I believe 10 year hearing preservation rates between radiation and W&W on published data is very similar. Unfortunately many people on W&W just get frustrated and get radiation and surgery elsewhere. This leads to a loss of follow up and their data being excluded from the study.
This skews the results for W&W as progressing tumours Can be eliminated from the study.
Its difficult for researchers to factor this in, and becomes a “limitation of the study”

Is W&W better for long term hearing preservation than radiation?
It depends on which study you read. Either way it’s probably too close to call.

There does however seem to be a subset of people receiving radiation that out performs W&W for hearing preservation.

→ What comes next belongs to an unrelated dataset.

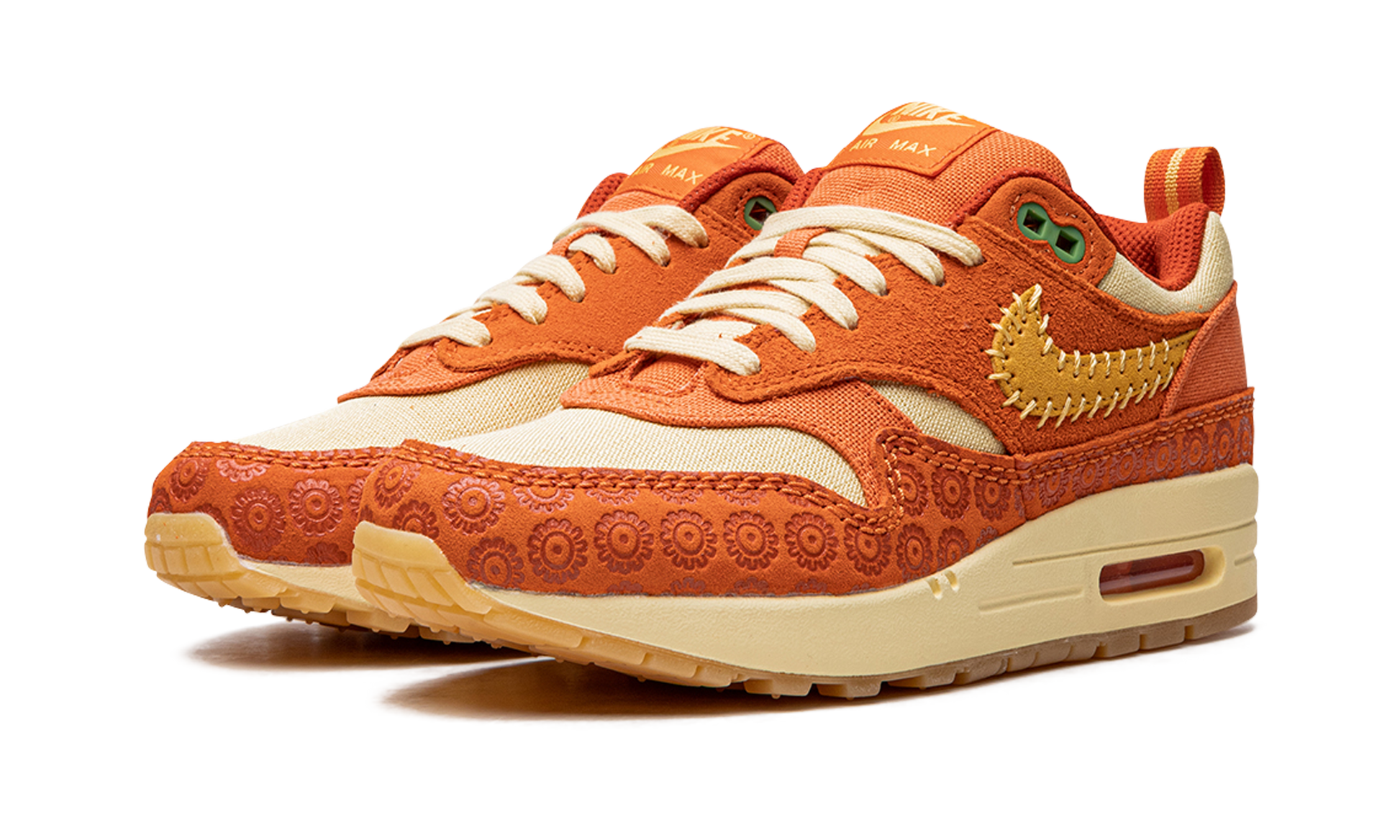 The Women's Nike Air Max 1 “Somos Familiaâ€?is the women's sizing of the classic running shoe in a colorway inspired by the idea of family. The “Somos Familiaâ€?Air Max 1 is part of a larger collection of sneakers by Nike in vibrant colors that celebrate Latino Heritage Month. Specifically. the shoe's design is complete with a burlap base that's contrasted with fiery orange textile overlays. A debossed sun motif appears on the mudguard. The yellow suede Swoosh on both sides of the shoe features contrast stitching. A green butterfly logo is embroidered on the heel. Retro “Nike Air Maxâ€?detailing can be found on the tongue. The shoe's aged-looking midsole gives it a vintage appearance. Release date: October 26. 2022

Treatment within the first year of symptoms
Under the age of 50
Good Hearing and Speech recognition at time of treatment
Less than 4Gy of radiation to the cochlear
Treatment volume less than 1cm3
13Gy or less as a treatment dose

Also many people that have radiation still retain some hearing, which is very useful for direction even if they can’t understand speech. This is not factored into many studies
10x5x5mm AN
Sudden Partial hearing loss 5/28/10
Diagnosed 7/4/10
CK 7/27/10
2/21/11 Swelling 13x6x7mm
10/16/11 Hearing returned, balance improved. Feel totally back to normal most days
3/1/12 Sudden Hearing loss, steroids, hearing back.
9/16/13 Life is just like before my AN. ALL Good!